Book Source: Practical Statistics for Data Scientists, 2nd Edition, by Peter Bruce, Andrew Bruce, Peter Gedeck / Released May 2020 / Publisher(s): O’Reilly Media, Inc.

Statisticians commonly refer to an “estimate” as a value derived from the available data, clearly distinguishing between observed data and the theoretical actual state of affairs. In contrast, data scientists and business analysts call this value a “metric.”

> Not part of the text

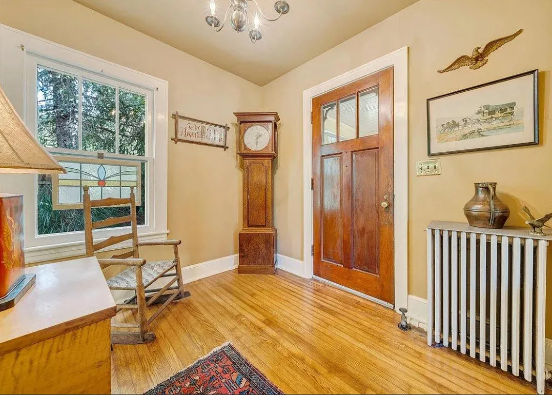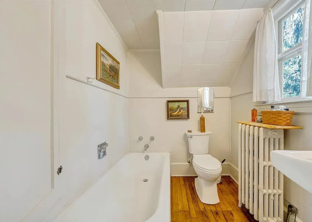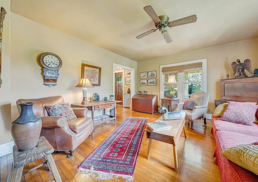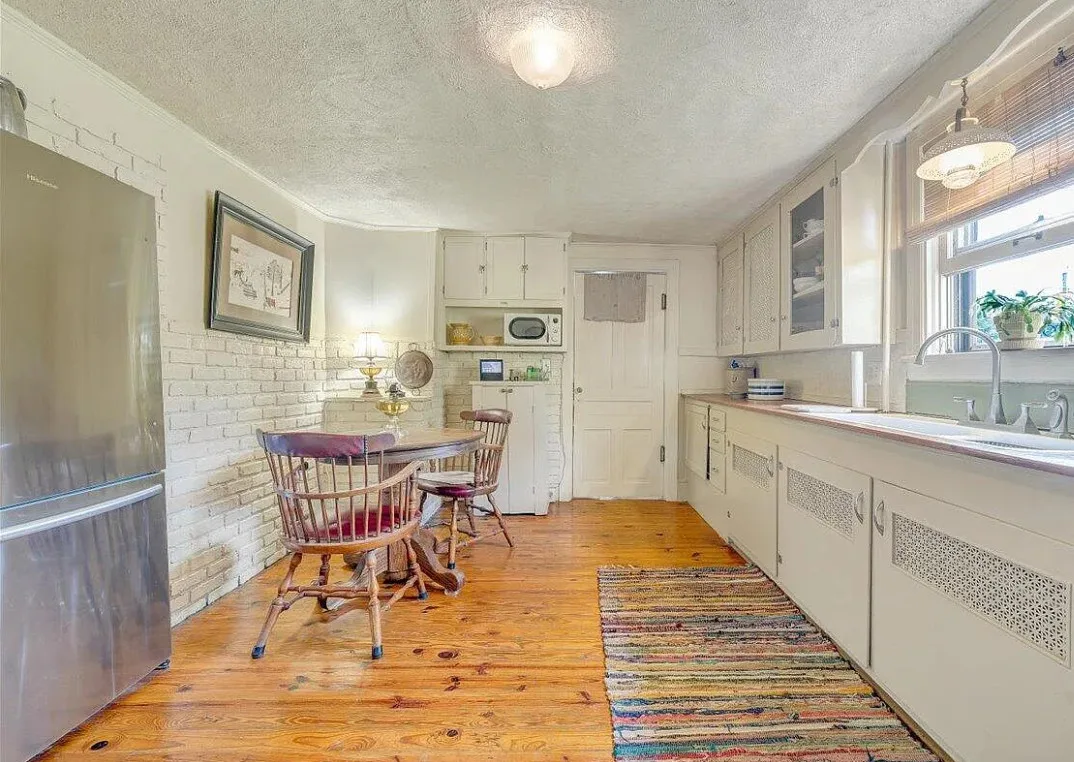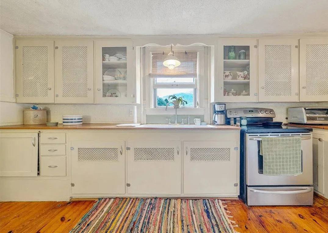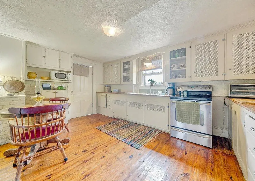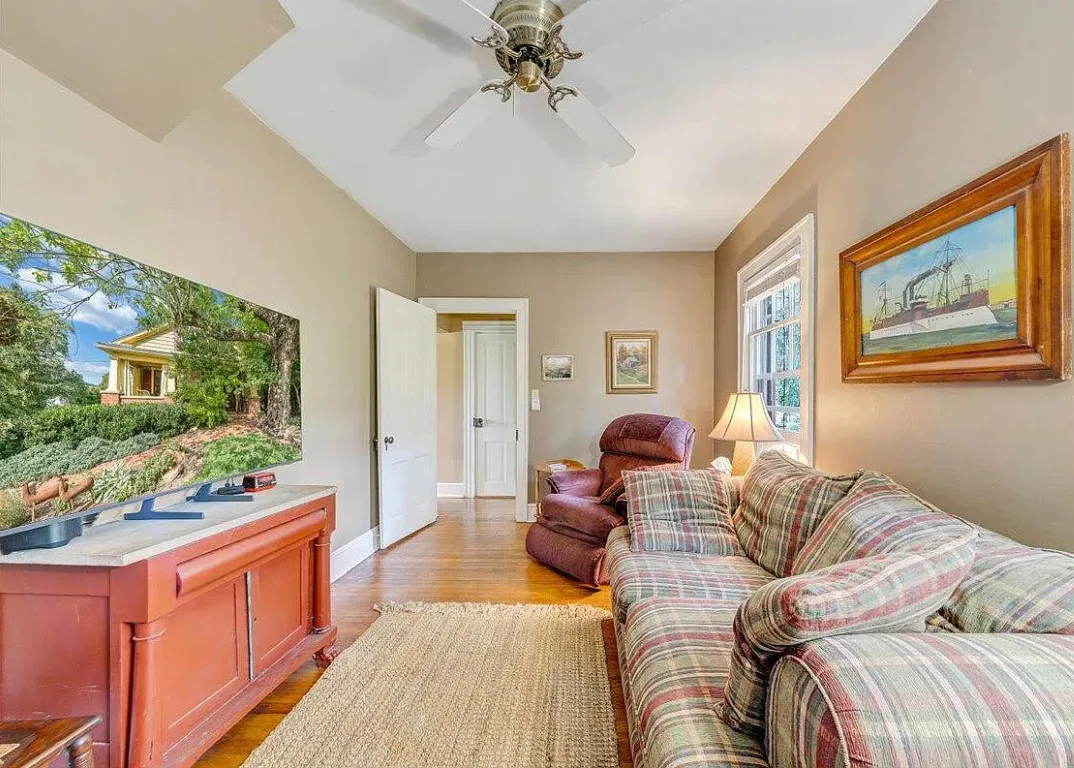 This is a nice house! Love the curb appeal! The house was built in 1919. It is located on .42 acre in Buchanan, Virginia. The house features a covered front porch, original wood floors, baseboards, spacious kitchen and an enclosed back porch. I kind of like the simplicity of the kitchen! There is a pretty backyard with a small koi pond and a detached storage building. Three bedrooms, two bathrooms and 1,532 square feet. $209,000

Elements of Structured Data

Key Terms for Data Types

• Numeric: Data that are expressed on a numerical scale
  • Continuous: Data that can take on any value in an interval. (Synonyms: interval, float, numeric)
  • Discrete: Data that can take on only integer values, such as counts. (Synonyms: integer, count)
• Categorical: Data that can take on only a specific set of values representing a set of possible categories (Synonyms: Enums, enumerated, factors, nominal)
  • Binary: A special case of categorical data with just two categories of values, e.g., 0/1, true/false. (Synonyms: dichotomous, logical, indicator, boolean)
  • Ordinal: Categorical data that has an explicit ordering (Synonym: ordered factor)
    
    

Rectangular Data

Rectangular data is the general term for a two-dimensional matrix with rows indicating records (cases) and columns indicating features (variables); data frame is the specific format in R and Python.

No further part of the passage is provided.